_Your objective_. Return exactly, with nothing added, the lines from the one that contains "وفي الختام تجول" through the end of the listing below, pictures excluded.

====

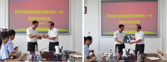 苏兰武校友现任山东省德州市禹城市委副书记,市人民政府党组书记、市长。他回顾了自己在银娱geg优越会线路的学习、生活,对学院各位领导、老师对他的热情接待和关心表示感谢。苏兰武市长就禹城市产业结构、发展布局、城市文化等方面进行了介绍,此次返校希望能够依托母校特色专业优势,深化学校与禹城市交流合作,推进禹城研究院建设。
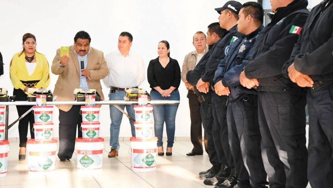 Cuautla, Morelos.- El alcalde de Cuautla, Raúl Tadeo Nava, acompañado de los miembros del cabildo, hicieron entrega a elementos policiacos el último kit de material para la rehabilitación de sus viviendas y un vale de despensa con un monto total de inversión de 434 mil 549 pesos, recursos del programa de Fortalecimiento para la Seguridad (Fortaseg) 2016.
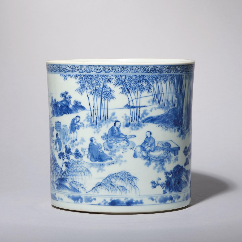 除百萬善價,另有數件瓷器斬獲佳績。清康熙《青花「竹林七賢」筆筒》逾低估價10倍多之成交價70萬2500港元、清康熙《五彩仕女圖杯》青花「大明成化年製」楷書仿款逾低估價10倍多之成交價40萬9600港元、清康熙《釉裡三彩山水圖香爐》逾低估價7倍多之成交價38萬4000港元、明崇禎《青花「明皇遊月宮圖」筆筒》逾低估價5倍多之成交價32萬港元等。
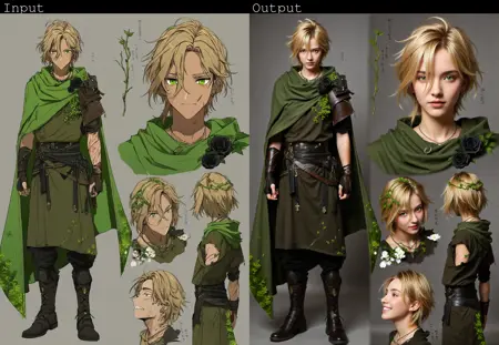 애니메이션/만화 → 사실적 이미지: 2D 스타일리시 아트워크를 사진처럼 사실적인 이미지로 변환하면서 캐릭터 포즈, 표정, 장면 구성은 그대로 유지
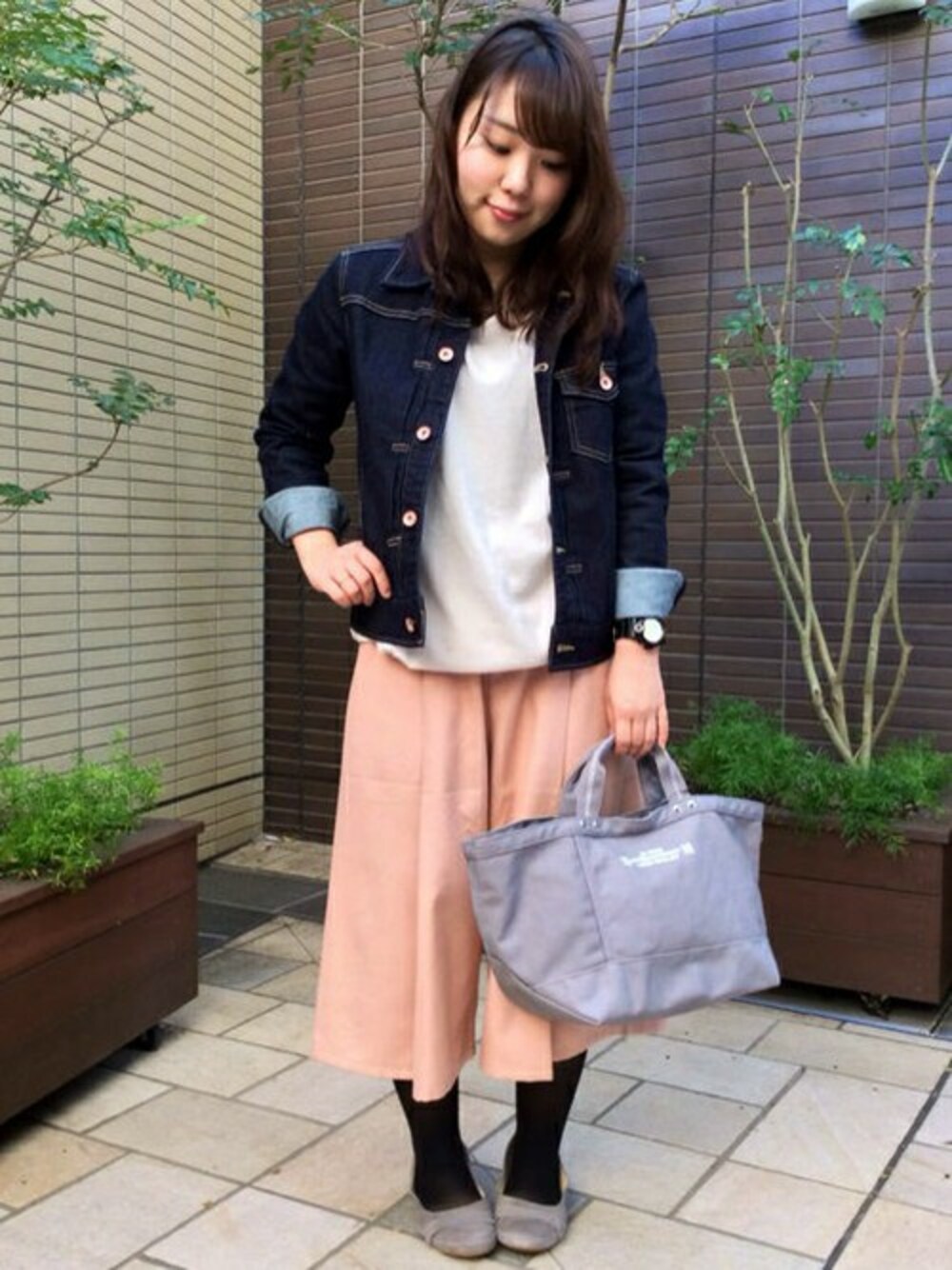 きれいめシンプルコーディネートにカジュアルアイテムをプラス♪ 春らしいオレンジピンクのガウチョパンツは、スカートのようなボリューム感がポイントです。 シンプルな白ニットをあわせて、Gジャンで全体を引き締めました。 デニムはこの春もトレンド素材。袖をロールアップしてコンパクトに羽織るのがおすすめ。
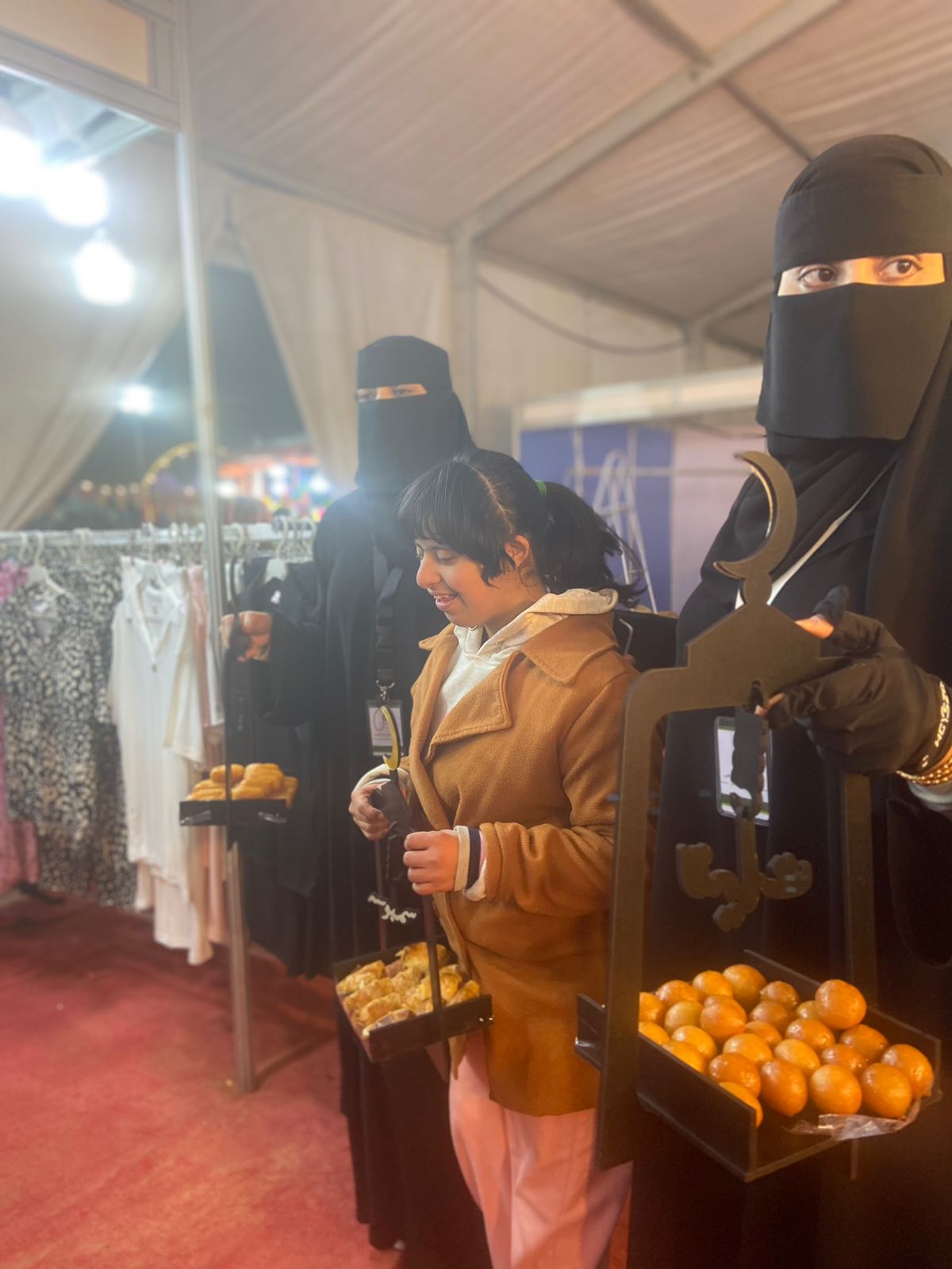 وفي الختام تجول منسوبو الجمعية بقيادة الأستاذة: وفاء الهزيمي والأستاذة: مروة جميل بالمهرجان لتوزيع الحلويات بأيدي أطفال متلازمة داون.
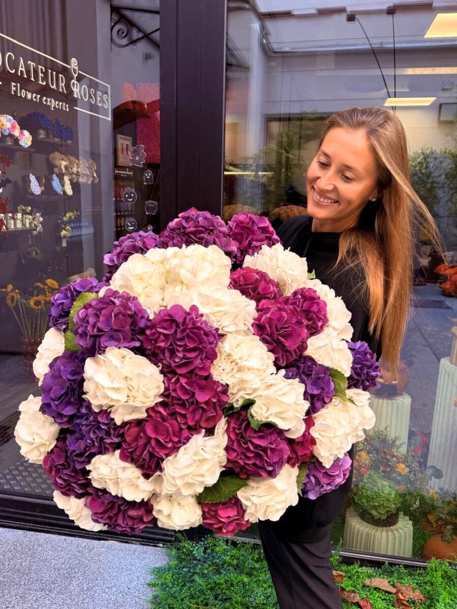 El Bouquet de 40 Hortensias Premium es una creación majestuosa que combina la fuerza del color con la suavidad de la textura. Con hortensias de gran tamaño en tonos marfil, lavanda y violeta intenso, este arreglo floral se convierte en una declaración de estilo, belleza y equilibrio natural.

====

_Expected answer_.
 وفي الختام تجول منسوبو الجمعية بقيادة الأستاذة: وفاء الهزيمي والأستاذة: مروة جميل بالمهرجان لتوزيع الحلويات بأيدي أطفال متلازمة داون.
 El Bouquet de 40 Hortensias Premium es una creación majestuosa que combina la fuerza del color con la suavidad de la textura. Con hortensias de gran tamaño en tonos marfil, lavanda y violeta intenso, este arreglo floral se convierte en una declaración de estilo, belleza y equilibrio natural.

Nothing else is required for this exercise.